Identity resource¶

Identity resources are data like user ID, name, or email address of a user. An identity resource has a unique name, and you can assign arbitrary claim types to it. These claims will then be included in the identity token for the user. The client will use the scope parameter to request access to an identity resource.

The OpenID Connect specification specifies a couple of standard identity resources. The minimum requirement is, that you provide support for emitting a unique ID for your users - also called the subject id. This is done by exposing the standard identity resource called openid.

The IdentityResources class supports all scopes defined in the specification (openid, email, profile, telephone, and address). If you want to support them all, you can add them to your list of supported identity resources: openid, profile, email, phone and , address. In our implementation, this has been already configured for using openid and profile, so you do not have to be worried of them.

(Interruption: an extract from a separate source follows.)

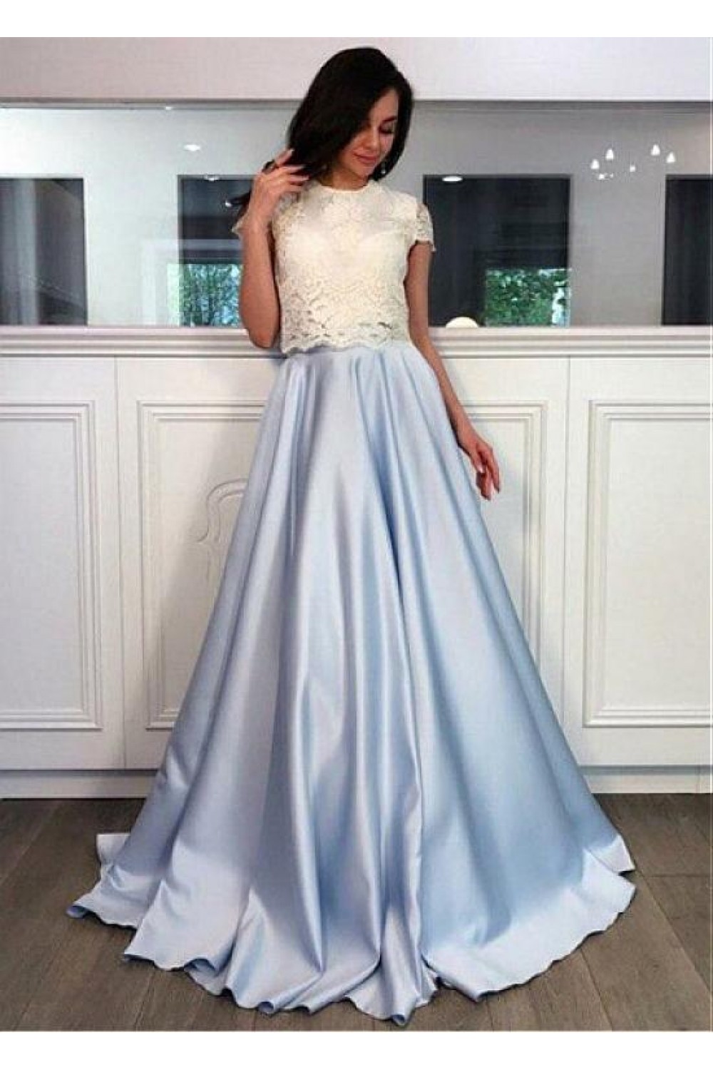 A-Line Lace Two Pieces Long Prom Dresses Formal Evening Dresses 601342

The request with profile scope access to the End-User's default profile Claims, which are: name, family_name, given_name, middle_name, nickname, preferred_username, profile, picture, website, gender, birthdate, zoneinfo, locale, and updated_at.

Models¶

More technical information at https://docs.duendesoftware.com/identityserver/v6/reference/models/identity_resource/.

IdentityResource¶

This class models an identity resource.

IdentityClaim¶

List of associated user claim types that should be included in the identity token.

How to manage Identity resources¶

There are no mechanism for managing; this is part of the security configuration and it is already configured.